Zawinski's Law: "Every program attempts to expand until it can read mail. Those programs which cannot so expand are replaced by ones which can."

Shog95y ago

Gonna clarify here, because that description is a bit misleading: this wasn't a route that allowed viewing sent emails, it was a route that allowed viewing what would be sent if a password reset was requested.

The story behind that route might be interesting... See, originally Stack Overflow didn't have passwords - all logins were done via OpenID, so any credential management you'd need to do was done through your provider (Google, LiveJournal, myOpenID, etc) This made account recovery assistance pretty simple: given a verified email address, the system would just send that address an email that reminded the owner of any and all OpenID providers that they'd associated with their account. From there, it was up to the account owner to work with a provider to do things like reset passwords.

Skip forward a few years, and Stack Overflow had its own OpenID provider - now you could sign up with an email and password just like a normal site, except really you were creating an account on https://openid.stackexchange.com/ - so the recovery process remained pretty much the same, just with a new provider that happened to be run by the same company.

So far so good... Except, this was awkward to explain to folks. Really, that was what ended up killing OpenID: folks wanted a "Google" or "Facebook" button, not a whitepaper on fancy new authentication systems.

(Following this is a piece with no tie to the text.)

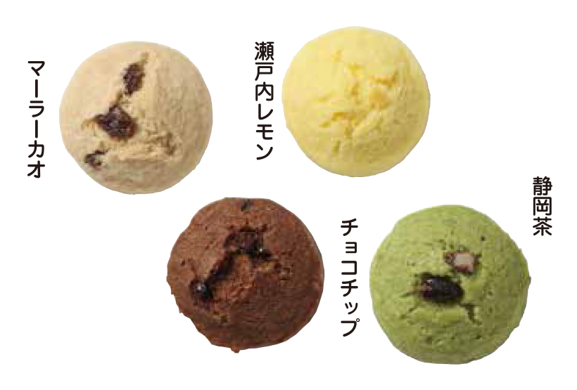 20が付くのでお約束の1個20g。しかもフレーバーの違う4種を一気に品揃えしました。「マーラーカオ」は、沖縄産黒糖と少し醤油を加えた生地にレーズン入り。「静岡茶」は、緑茶風味の生地に北海道産小豆の甘いかのこ入り。「瀬戸内レモン」は、瀬戸内レモンピールを入れることで爽やかな味わいと、きれいな黄色に仕上がっています。「チョコチップ」は、ガーナ産カカオマスを使ったスイートチョコレートを生地に練り込んで、チョコチップ入り。ビター感と甘味がほどよいバランスで、おいしいです。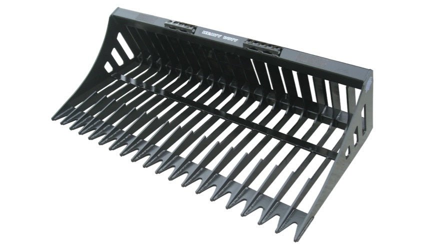 With the increased horsepower and size of many new skid steers and compact track loaders, this rock bucket has become very popular. The 1/2″ tines will stand up to the abuse of the largest machines, and the closed in quick attach area protects the operator by keeping debris from coming back through the quick attach.

At this point Stack Overflow decided to try to streamline the login process, making signing up and logging in with their own provider seamless: no need to know anything about OpenID. Now recovery emails started including password reset links, and also reduced or removed information on other OpenID providers that were associated with the account in an effort to reduce confusion. The decision tree for generating those emails got complex.

And the decision tree for supporting users got complex as well. Support staff got frustrated; they'd been used to knowing what would and wouldn't be in a recovery email, and had a pile of templates ready to help folks navigate login issues based on that. But now they were getting replies back from folks who were confused and upset because their recovery email didn't contain information that the support person had asserted it would!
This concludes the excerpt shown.